───── Stored data ─────

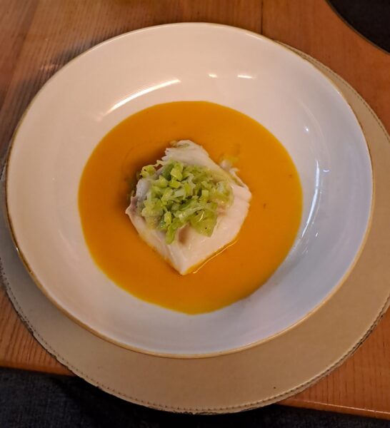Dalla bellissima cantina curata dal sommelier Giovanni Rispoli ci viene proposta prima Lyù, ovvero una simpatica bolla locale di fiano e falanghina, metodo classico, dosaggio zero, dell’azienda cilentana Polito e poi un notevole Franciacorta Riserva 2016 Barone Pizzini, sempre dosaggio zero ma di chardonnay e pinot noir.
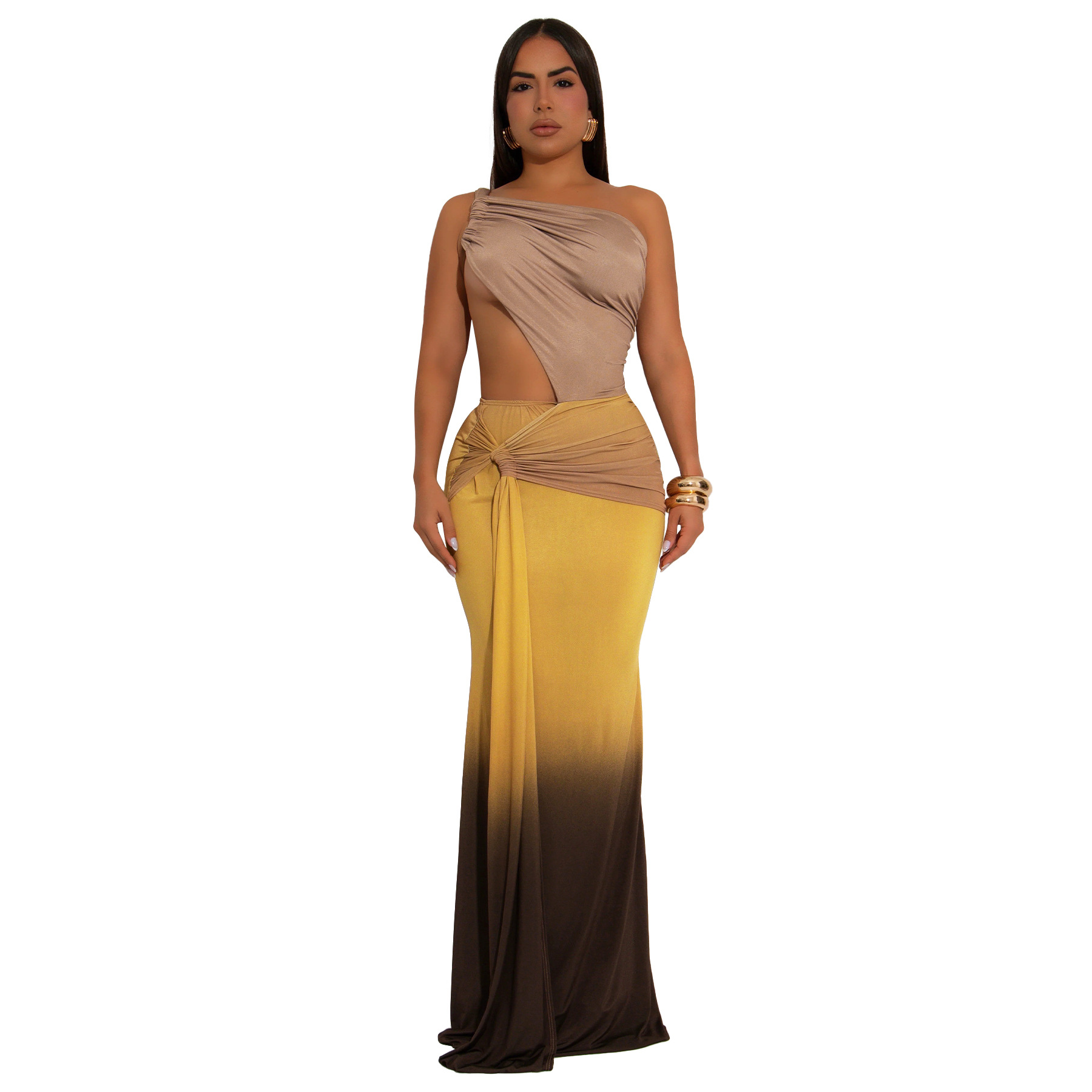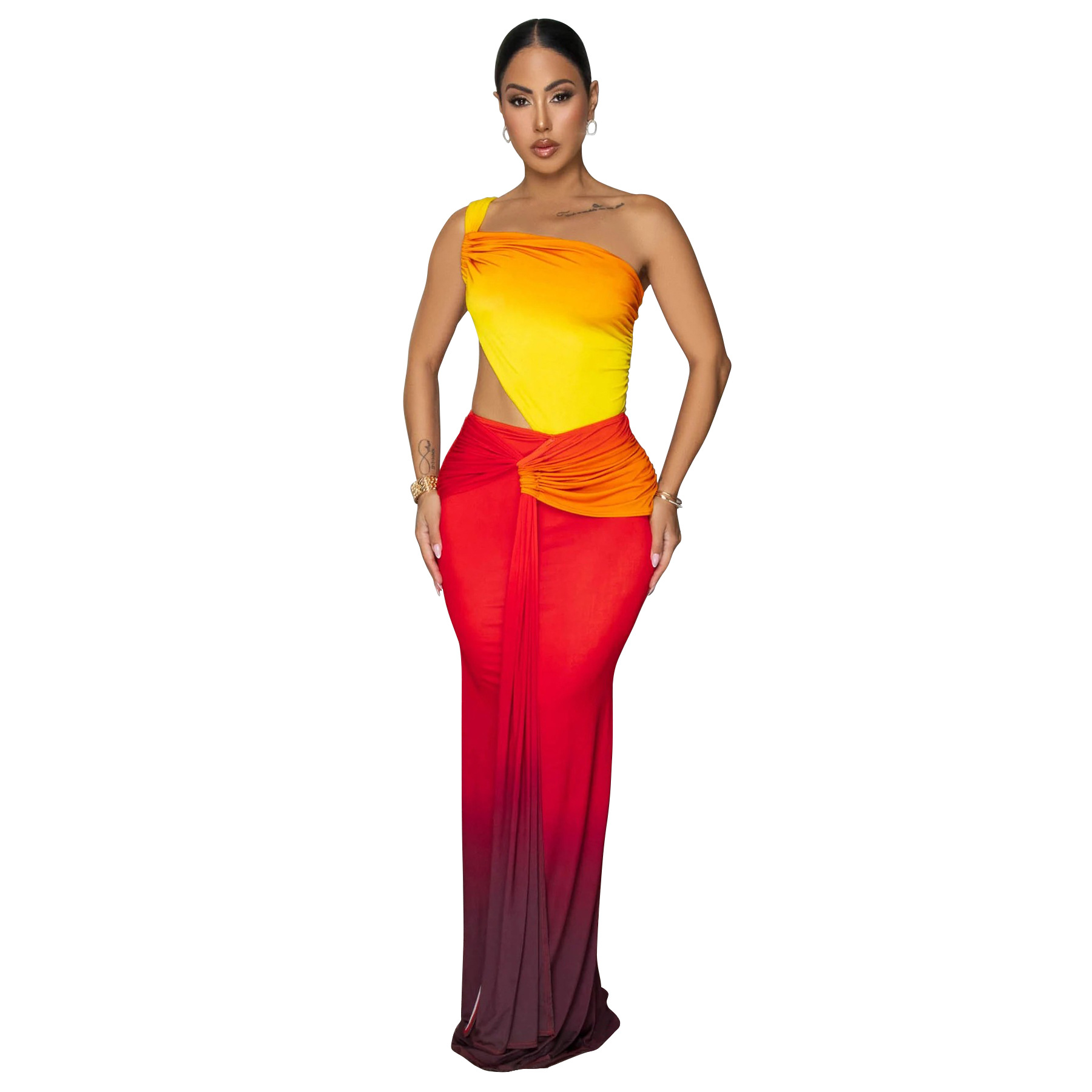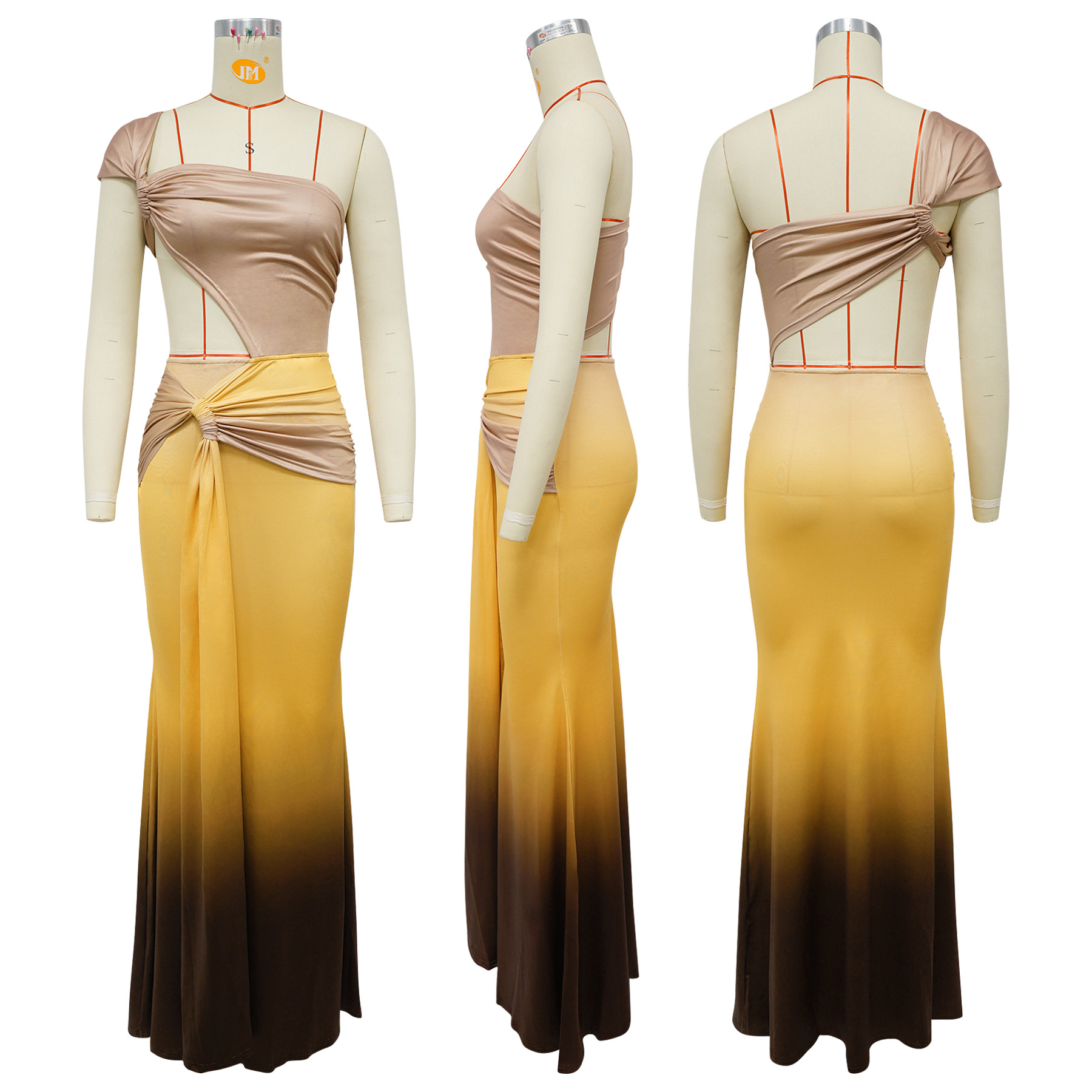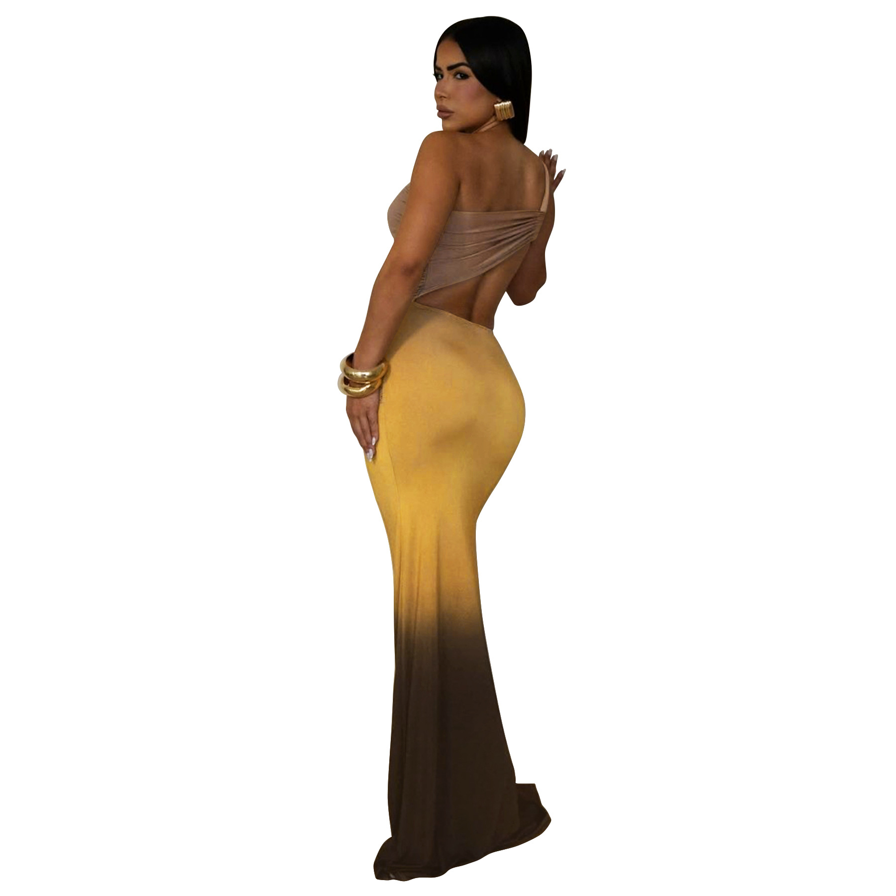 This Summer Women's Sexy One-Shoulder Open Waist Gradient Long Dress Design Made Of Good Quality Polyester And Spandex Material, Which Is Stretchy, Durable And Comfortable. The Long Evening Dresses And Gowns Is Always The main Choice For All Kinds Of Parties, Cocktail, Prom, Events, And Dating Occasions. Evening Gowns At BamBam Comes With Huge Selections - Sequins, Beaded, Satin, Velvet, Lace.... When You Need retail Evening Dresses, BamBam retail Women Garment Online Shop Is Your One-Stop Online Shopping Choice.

─────
───── Stored data ─────

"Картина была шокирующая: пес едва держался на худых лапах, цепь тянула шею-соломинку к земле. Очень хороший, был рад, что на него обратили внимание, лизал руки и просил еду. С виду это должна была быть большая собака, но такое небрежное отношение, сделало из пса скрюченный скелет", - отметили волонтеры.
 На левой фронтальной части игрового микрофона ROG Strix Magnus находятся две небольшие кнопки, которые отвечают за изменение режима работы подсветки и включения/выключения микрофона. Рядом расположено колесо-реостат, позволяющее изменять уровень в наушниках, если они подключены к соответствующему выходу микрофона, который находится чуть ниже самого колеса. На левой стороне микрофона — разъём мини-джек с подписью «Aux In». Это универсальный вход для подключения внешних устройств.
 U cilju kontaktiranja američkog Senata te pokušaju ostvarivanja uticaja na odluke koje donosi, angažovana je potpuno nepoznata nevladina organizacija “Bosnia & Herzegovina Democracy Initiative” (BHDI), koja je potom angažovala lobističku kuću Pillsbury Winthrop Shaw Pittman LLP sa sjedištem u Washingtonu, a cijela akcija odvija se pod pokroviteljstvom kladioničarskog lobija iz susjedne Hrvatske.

─────

## [Prompt]
The expected output is the lines above from the one containing "Dalla bellissima cantina" to the one containing "This Summer Women's", both ends included, reproduced exactly with every picture left out.

## [Your response]
Dalla bellissima cantina curata dal sommelier Giovanni Rispoli ci viene proposta prima Lyù, ovvero una simpatica bolla locale di fiano e falanghina, metodo classico, dosaggio zero, dell’azienda cilentana Polito e poi un notevole Franciacorta Riserva 2016 Barone Pizzini, sempre dosaggio zero ma di chardonnay e pinot noir.
 This Summer Women's Sexy One-Shoulder Open Waist Gradient Long Dress Design Made Of Good Quality Polyester And Spandex Material, Which Is Stretchy, Durable And Comfortable. The Long Evening Dresses And Gowns Is Always The main Choice For All Kinds Of Parties, Cocktail, Prom, Events, And Dating Occasions. Evening Gowns At BamBam Comes With Huge Selections - Sequins, Beaded, Satin, Velvet, Lace.... When You Need retail Evening Dresses, BamBam retail Women Garment Online Shop Is Your One-Stop Online Shopping Choice.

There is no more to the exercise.